Cutting Edge: TCR Ligation Triggers Digital Activation of NF-κB

• Published in: The Journal of immunology (1950) Vol. 185; no. 8; pp. 4520 - 4524
• Main Authors: Kingeter, Lara M, Paul, Suman, Maynard, Sean K, Cartwright, Natalia G, Schaefer, Brian C
• Format: Journal Article
• Language: English
• Published: 15.10.2010
• ISSN: 0022-1767; 1550-6606
• DOI: 10.4049/jimmunol.1001051

TCR-mediated activation of the transcription factor NF-κB is required for T cell proliferation, survival, and effector differentiation. Although this pathway is the subject of intense study, it is not known whether TCR signaling to NF-κB is digital (switch-like) or analog in nature.

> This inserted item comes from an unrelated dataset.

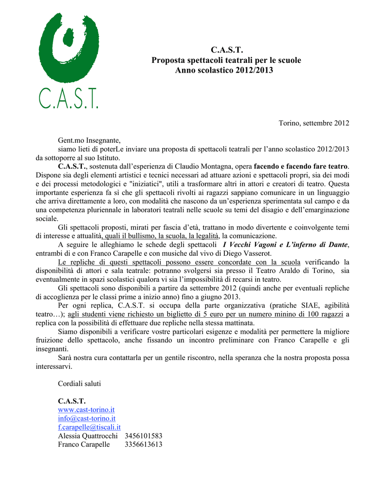 C.A.S.T. Proposta spettacoli teatrali per le scuole Anno scolastico 2012/2013 Torino, settembre 2012 Gent.mo Insegnante, siamo lieti di poterLe inviare una proposta di spettacoli teatrali per l’anno scolastico 2012/2013 da sottoporre al suo Istituto. C.A.S.T., sostenuta dall’esperienza di Claudio Montagna, opera facendo e facendo fare teatro. Dispone sia degli elementi artistici e tecnici necessari ad attuare azioni e spettacoli propri, sia dei modi e dei processi metodologici e "iniziatici", utili a trasformare altri in attori e creatori di teatro. Questa importante esperienza fa sì che gli spettacoli rivolti ai ragazzi sappiano comunicare in un linguaggio che arriva direttamente a loro, con modalità che nascono da un’esperienza sperimentata sul campo e da una competenza pluriennale in laboratori teatrali nelle scuole su temi del disagio e dell’emarginazione sociale. Gli spettacoli proposti, mirati per fascia d’età, trattano in modo divertente e coinvolgente temi di interesse e attualità, quali il bullismo, la scuola, la legalità, la comunicazione. A seguire le alleghiamo le schede degli spettacoli I Vecchi Vagoni e L’inferno di Dante, entrambi di e con Franco Carapelle e con musiche dal vivo di Diego Vasserot. Le repliche di questi spettacoli possono essere concordate con la scuola verificando la disponibilità di attori e sala teatrale: potranno svolgersi sia presso il Teatro Araldo di Torino, sia eventualmente in spazi scolastici qualora vi sia l’impossibilità di recarsi in teatro. Gli spettacoli sono disponibili a partire da settembre 2012 (quindi anche per eventuali repliche di accoglienza per le classi prime a inizio anno) fino a giugno 2013. Per ogni replica, C.A.S.T. si occupa della parte organizzativa (pratiche SIAE, agibilità teatro…); agli studenti viene richiesto un biglietto di 5 euro per un numero minino di 100 ragazzi a replica con la possibilità di effettuare due repliche nella stessa mattinata. Siamo disponibili a verificare vostre particolari esigenze e modalità per permettere la migliore fruizione dello spettacolo, anche fissando un incontro preliminare con Franco Carapelle e gli insegnanti. Sarà nostra cura contattarla per un gentile riscontro, nella speranza che la nostra proposta possa interessarvi. Cordiali saluti C.A.S.T. www.cast-torino.it [email protected] [email protected] Alessia Quattrocchi 3456101583 Franco Carapelle 3356613613 L’inferno di Dante di e con Franco Carapelle musiche dal vivo eseguite da Diego Vasserot Un matrimonio inaspettato, una lavanderia in ritardo nella consegna di un abito ed ecco che il protagonista si trova ad ingannare l'attesa osservando un pubblico di giovani studenti a teatro. Il suo inarrestabile flusso di pensieri si interroga su cosa sia veramente importante per i giovani e, per farlo, utilizza episodi della vita quotidiana come la scuola, la poesia, i linguaggi ma anche gli scritti di Dante Alighieri, raccontati e analizzati dallo sguardo critico e ironico del protagonista... L’attore instaura così un dialogo diretto con il pubblico, intervallando le sue storie a momenti musicali, eseguiti dal vivo da Diego Vasserot (con tastiera e tromba). L’attore/spettatore apre un’interessante riflessione sul linguaggio poetico, e sul modo di comunicare degli adolescenti, lasciando ai ragazzi un tema aperto e attuale, legato alla vita e ai problemi della quotidianità: le difficoltà vanno affrontate e risolte oppure bisogna far finta di nulla e conviverci? SCHEDA TECNICA Spettacolo per ragazzi 12-19 anni Durata: 60 minuti Spazio: lo spettacolo è nato nelle aule scolastiche e quindi può essere presentato in luoghi non convenzionali (purché venga garantita una buona visibilità e acustica). Potenza elettrica: 3 kw Costi per la scuola: biglietto per gli studenti 5 euro (minimo 100 ragazzi a replica con possibilità di doppia replica nella stessa mattinata) Pratiche S.I.A.E. ed eventuali altre incombenze di legge a carico di CAST. I testi e le musiche dello spettacolo sono originali e non sono tutelati dalla S.I.A.E. Autore dei testi: Franco Carapelle Musiche di Diego Vasserot I Vecchi vagoni Spettacolo sul bullismo di e con Franco Carapelle musiche dal vivo di Diego Vasserot C.A.S.T. propone per le scuole superiori “I Vecchi vagoni”: uno spettacolo, unico nel suo genere, perché non è solo teatro ma “teatro che fa scuola”, un modo nuovo di fare scuola, accattivante e coinvolgente; il teatro diventa uno strumento particolarmente efficace per comunicare o acquisire contenuti, riflettere o far riflettere, attivare percorsi di conoscenza. Con triste regolarità la cronaca testimonia le drammatiche conseguenze che possono derivare dal bullismo, fenomeno sociale che coinvolge non solo i ragazzi ma anche la comunità di appartenenza, pertanto è necessario affrontare il problema anche attraverso il rafforzamento della cultura della legalità e della responsabilità, individuale e collettiva. “I Vecchi vagoni” è il monologo di un attore che ripercorre gli anni della sua adolescenza in tutte le tappe che lo hanno reso adulto, portando alla luce gli stessi problemi di un ragazzo di oggi: il rapporto con i genitori, le difficoltà di comunicazione con i compagni, i conflitti con la scuola, il gruppo, la voglia di ribellarsi o semplicemente di farsi notare... I ragazzi - spettatori, avranno la possibilità di vivere in prima persona i dubbi e le incertezze e saranno accompagnati dall'attore, loro complice, a riflettere su se stessi e sulla necessità di vivere da protagonisti la propria esperienza di vita. SCHEDA TECNICA Spettacolo per ragazzi 12-19 anni Durata: 60 minuti Spazio: lo spettacolo può essere presentato in luoghi non convenzionali (purché venga garantita una buona visibilità e acustica). Potenza elettrica: 3 kw Costi per la scuola: biglietto per gli studenti 5 euro (minimo 100 ragazzi a replica con possibilità di doppia replica nella stessa mattinata) Pratiche S.I.A.E. ed eventuali altr

Through analysis of the phosphorylation and degradation of IκBα and the nuclear translocation and phosphorylation of the NF-κB subunit RelA, we show that TCR-directed NF-κB activation is digital. Furthermore, digitization occurs well upstream of the IκB kinase complex, as protein kinase C θ translocation to the immunologic synapse and activation-associated aggregation of Bcl10 and Malt1 also demonstrate both digital behavior and high correlation with RelA nuclear translocation. Thus, similar to the TCR-to-MAPK signaling cascade, analog Ag inputs are converted to digital activation outputs to NF-κB at an early step downstream of TCR ligation.